#### [YOUR ASSIGNMENT]
All of the data must be output exactly, with every picture left out.

#### [DATASET SECTION]
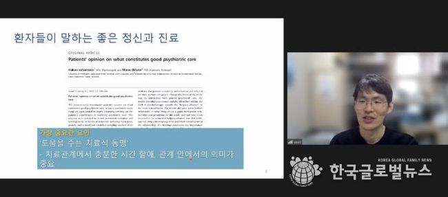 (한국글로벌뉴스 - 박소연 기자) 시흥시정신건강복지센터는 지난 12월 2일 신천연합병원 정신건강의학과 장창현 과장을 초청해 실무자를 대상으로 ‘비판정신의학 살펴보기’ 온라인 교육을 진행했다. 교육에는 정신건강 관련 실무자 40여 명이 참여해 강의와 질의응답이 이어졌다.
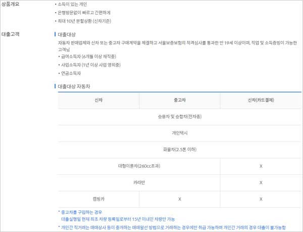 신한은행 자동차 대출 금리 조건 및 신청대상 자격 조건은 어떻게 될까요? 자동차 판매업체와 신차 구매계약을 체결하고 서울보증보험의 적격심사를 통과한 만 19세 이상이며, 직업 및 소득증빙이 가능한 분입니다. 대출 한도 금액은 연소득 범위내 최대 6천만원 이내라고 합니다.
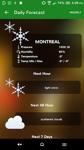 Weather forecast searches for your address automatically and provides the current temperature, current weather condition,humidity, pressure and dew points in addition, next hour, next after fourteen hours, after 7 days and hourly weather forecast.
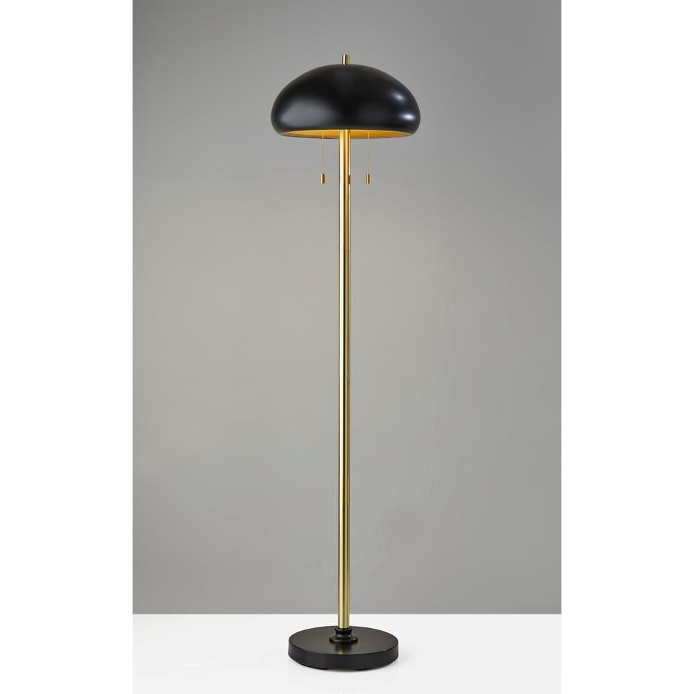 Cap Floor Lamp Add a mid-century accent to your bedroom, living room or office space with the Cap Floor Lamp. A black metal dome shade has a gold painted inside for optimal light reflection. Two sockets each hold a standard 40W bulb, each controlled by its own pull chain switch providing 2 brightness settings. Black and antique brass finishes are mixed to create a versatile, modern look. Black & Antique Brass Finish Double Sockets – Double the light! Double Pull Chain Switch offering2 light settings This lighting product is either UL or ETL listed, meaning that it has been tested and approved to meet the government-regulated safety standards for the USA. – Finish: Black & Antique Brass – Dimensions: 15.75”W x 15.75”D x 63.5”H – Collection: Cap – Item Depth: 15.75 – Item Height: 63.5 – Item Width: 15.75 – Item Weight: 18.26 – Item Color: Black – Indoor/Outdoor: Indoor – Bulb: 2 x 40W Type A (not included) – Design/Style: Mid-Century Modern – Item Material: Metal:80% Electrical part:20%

#### [RESULT OF THE TASK]
 (한국글로벌뉴스 - 박소연 기자) 시흥시정신건강복지센터는 지난 12월 2일 신천연합병원 정신건강의학과 장창현 과장을 초청해 실무자를 대상으로 ‘비판정신의학 살펴보기’ 온라인 교육을 진행했다. 교육에는 정신건강 관련 실무자 40여 명이 참여해 강의와 질의응답이 이어졌다.
 신한은행 자동차 대출 금리 조건 및 신청대상 자격 조건은 어떻게 될까요? 자동차 판매업체와 신차 구매계약을 체결하고 서울보증보험의 적격심사를 통과한 만 19세 이상이며, 직업 및 소득증빙이 가능한 분입니다. 대출 한도 금액은 연소득 범위내 최대 6천만원 이내라고 합니다.
 Weather forecast searches for your address automatically and provides the current temperature, current weather condition,humidity, pressure and dew points in addition, next hour, next after fourteen hours, after 7 days and hourly weather forecast.
 Cap Floor Lamp Add a mid-century accent to your bedroom, living room or office space with the Cap Floor Lamp. A black metal dome shade has a gold painted inside for optimal light reflection. Two sockets each hold a standard 40W bulb, each controlled by its own pull chain switch providing 2 brightness settings. Black and antique brass finishes are mixed to create a versatile, modern look. Black & Antique Brass Finish Double Sockets – Double the light! Double Pull Chain Switch offering2 light settings This lighting product is either UL or ETL listed, meaning that it has been tested and approved to meet the government-regulated safety standards for the USA. – Finish: Black & Antique Brass – Dimensions: 15.75”W x 15.75”D x 63.5”H – Collection: Cap – Item Depth: 15.75 – Item Height: 63.5 – Item Width: 15.75 – Item Weight: 18.26 – Item Color: Black – Indoor/Outdoor: Indoor – Bulb: 2 x 40W Type A (not included) – Design/Style: Mid-Century Modern – Item Material: Metal:80% Electrical part:20%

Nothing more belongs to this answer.